Dinlerin yanı sıra felsefe tarihinde de ele alınan bu problemi mantıksal bir kanıt olarak ilk defa formülleştirenin Epiküros (ö. M.Ö. 270) olduğu söylenir. M.S. II. yüzyılda yaşamış Lactantius’un aktarımına göre Epiküros kötülük problemini bir ikilem biçiminde şöyle formüle etmiştir: “Tanrı, ya kötülükleri ortadan kaldırmak ister de, kaldıramaz; veya kaldırabilir, ama kaldırmak istemez; ya da ne kaldırmak ister ne de kaldırabilir, yahut da hem kaldırmayı ister hem de kaldırabilir. Eğer ortadan kaldırmak istiyor da kaldıramıyorsa, O güçsüzdür; ki bu durum Tanrı’nın karakteriyle uyuşmaz; eğer ortadan kaldırabiliyor fakat kaldırmak istemiyorsa, O kıskançtır; ki bu da aynı şekilde Tanrı ile uyuşmaz; eğer ne ortadan kaldırmayı istiyor ne de kaldırabiliyorsa, hem kıskanç hem güçsüzdür, bu durumda da, Tanrı değildir; eğer hem ortadan kaldırmayı istiyor hem de kaldırabiliyorsa -ki yalnızca bu Tanrı’ya uygundur-, o zaman kötülüklerin kaynağı nedir? Ya da o kötülükleri niçin ortadan kaldırmamaktadır?”
Pascal
3. Pascal’ın Bahsi
Felsefe tarihinde ilk defa “Sanki Felsefesi’nin” izlerini ve motiflerini Blaise Pascal’da görmekteyiz.
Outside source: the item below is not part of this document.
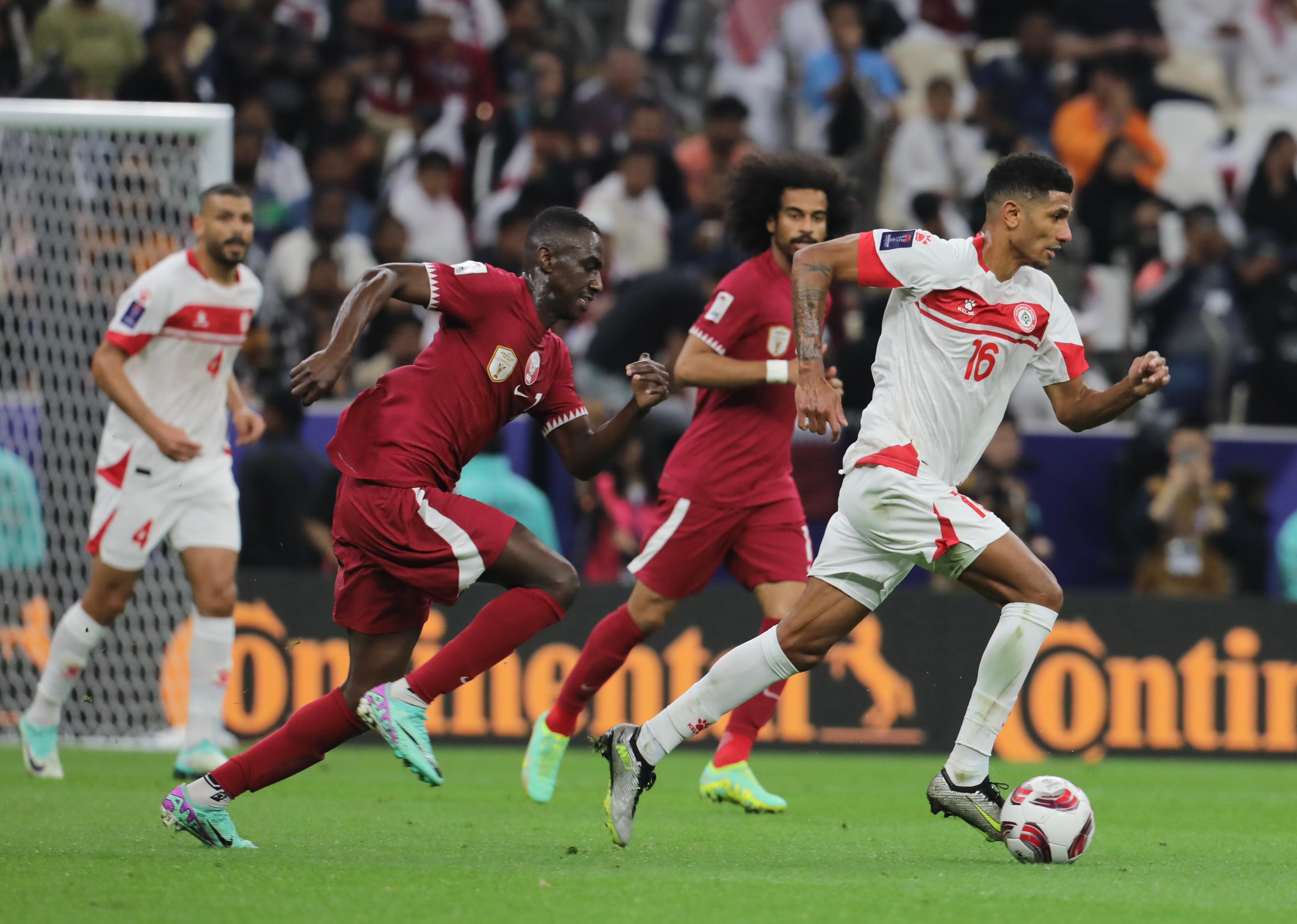 حسم منتخب قطر بطل آسيا المواجهة الافتتاحية لنهائيات كأس آسيا لكرة القدم بفوزه على نظيره اللبناني ٣-٠، في المباراة التي اقيمت بينهما على ملعب لوسيل في العاصمة القطرية الدوحة. وكان لعاملي الارض والجمهور الدور الكبير في منح قطر فوزاً مهماً في مستهل مشوار دفاعها عن لقبها، أضف اليهم خبرة لاعبيها، فيما كان المنتخب اللبناني قاب قوسين من إقتناص هدف أو اكثر لولا التسرع والرعونة والحظ السيء. الهدف الاول سجله اكرم عفيف اخطر لاعبي "العنابي" من كرة تهيأت له من المعز علي داخل المنطقة فسددها بدقة الى يسار الحارس مصطفى مطر في الدقيقة الاخيرة من الشوط الاول. وكلّفت الاخطاء الدفاعية منتخبنا هدفين في الشوط الثاني، اولهما برأسية المعز علي غير المراقب فارتقى لها من مسافة قريبة ليحوّلها الى المرمى (د.٥٧)، وثانيهما في الدقيقة السادسة من الوقت المحتسب بدل عن ضائع اثر مجهود فردي من اكرم عفيف، بينما لاحت فرصتان للبديل عمر شعبان، لكن من دون ان يتمكن من التسجيل من تسديدة ومن ثم من كرة رأسية. ورغم الخسارة، اثنى المدير الفني المونتينغري ميودراغ رادولوفيتش في المؤتمر الصحافي عقب اللقاء على اداء لاعبيه الذين قدّموا مجهوداً جباراً ولم يستحقوا الخسارة بهذه النتيجة التي سنضعها خلفنا لنشرع مباشرةً في التحضير لمباراة الصين . واعتبر "رادو" ان الهدف الاول جاء بعد خطأ واضح على المدافع قاسم الزين، معتبراً ان نجم قطر اكرم عفيف "حسم المباراة لمنتخبه بقدراته الفردية العالية التي نصّبته واحداً من افضل لاعبي آسيا، والتي تخوّله حتى للعب في اوروبا".مثّل لبنان: الحارس مصطفى مطر، واللاعبون اليكس ملكي، قاسم الزين، نور منصور، حسين زين، نصار نصار (سوني سعد ٨٠)، وليد شور (حسن سرور ٦٩)، علي طنيش، محمد حيدر (عمر شعبان ٦٩)، باسل جرادي (غابريال بيطار ٨٠)، حسن معتوق (هلال الحلوة ٦٩).

Pascal’ın Bahsin’de amaç, Tanrının varlığını kanıtlamak değil, sanki Tanrı varmış gibi davranmanın bize sağlayacağı yararları ortaya koymak, oradan sanki felsefesine bir yol bulmak veya ona zemin hazırlamaktır. Dolayısıyla bu bahis, Tanrıya iman etmenin doğru olduğunu değil, bunun yararlı ve meşru bir şey olduğunu ortaya koyma amacındadır.
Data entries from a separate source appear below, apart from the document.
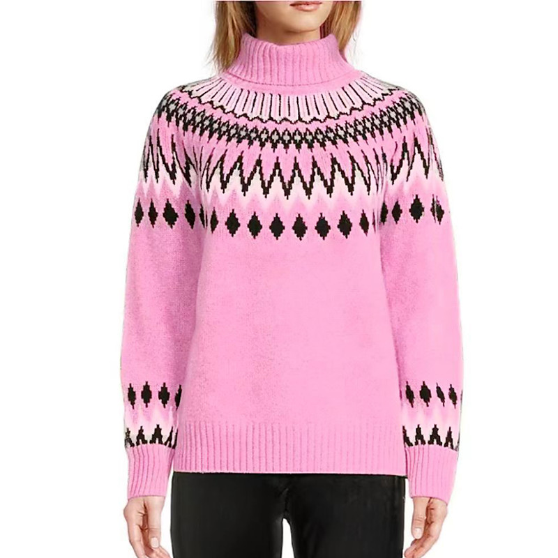 Women's Christmas Sweater Fair Isle Sweater Sweater Fair Isle Sweater Streetwear Casual Floral Mock Neck Knitted Print Long Sleeve Regular Tops Knit Daily Going out Weekend Yellow Pink Fall Winter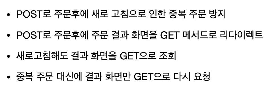 POST 주문 후에 웹 브라우저를 새로고침하면 -> 중복 주문이 될 수 있다..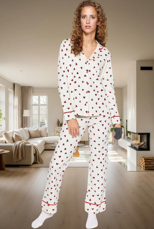 Kış aylarının vazgeçilmez rahatlığı ve şıklığı için tasarlanan bu bej pamuklu pijama takımı, %100 pamuktan üretilmiştir. Cildinizde yumuşacık bir his bırakan kumaşıyla gün boyu konfor sunar. Sevimli kalpli deseni, pijama takımınıza neşe ve şirinlik katar. Regular kalıbı ile her vücut tipine rahatça uyar ve hareket kısıtlaması yaşamazsınız. Uzun kolları ve uzun paçaları sayesinde soğuk kış akşamlarında sıcak ve rahat kalırsınız.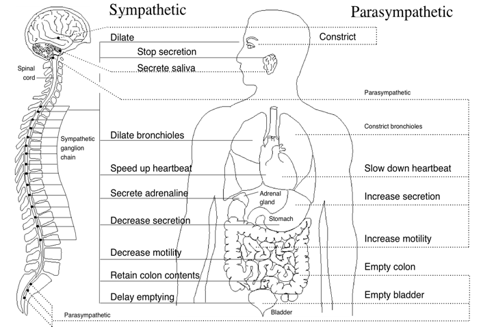 Figure 3. Innervation of the major organs by the autonomic nervous system (ANS). Parasympathetic fibers are primarily in the vagus nerves, but some that regulate subdiaphragmatic organs travel through the spinal cord. The sympathetic fibers also travel through the spinal cord. A number of health problems can arise in part because of improper function of the ANS. Emotions can affect activity in both branches of the ANS. For example, anger causes increased sympathetic activity while many relaxation techniques increase parasympathetic activity.

Pascal bahsini, şu şekilde formüle eder: “Tanrı, ya vardır, ya yoktur. Acaba hangi görüşe meyledeceğiz? Akıl bu hususta karar mercii olamaz. Sonsuz kaos bizi Tanrı’dan ayırmaktadır. Bu sonsuz mesafenin sonunda bir talih oyunu oynanıyor, neticesi ya yazı, ya tura olacak. Siz hangi taraf için bahse gireceksiniz?…Madem ki, bir şıkkı seçme zorunluluğu var, öncelikle menfaatimize en uygun olan şıkkı arayalım… Tanrı’nın varlığı şıkkını seçtiğiniz takdirde ne kazanıp ne kaybedeceğinizi tartalım. Bu şıkkı seçerek bahsi kazanmış olursanız, her şeyi kazanmış olacaksınız. Kaybetmiş olursanız, hiçbir şey kaybetmiş olmayacaksınız. O halde, hiç tereddüt etmeyin; Tanrı’nın varlığı lehine bahse girin.“
Pascal, burada bize özetle şunu söylemektedir: İnsan, Tanrı’ya inanmakla hiçbir şey kaybetmez; ancak, O’na inanmamakla çok şey kaybeder. Bu yüzden, Tanrı’ya inanmak, bu noktada bahse girmek, insanın lehine olan ve bir bakıma ona ebedî mutluluğun önünü açan, hayat memat meselesi olan bir tercihtir. Acaba insanın böyle bir durumda bahse girmek gibi bir zorunluluğu var mıdır? Bu gibi durumlarda bahse girmek tek çıkış yolu mudur? Daha açık olarak söylersek, bahsin temel hedefi, insanı iman etmeye hazır hale getirmek, onda bir inanç sistemi uyandırmak, daha sonra da inancı oluşturmak veya kazanmak için yapılması gereken konusunda yol göstermektir.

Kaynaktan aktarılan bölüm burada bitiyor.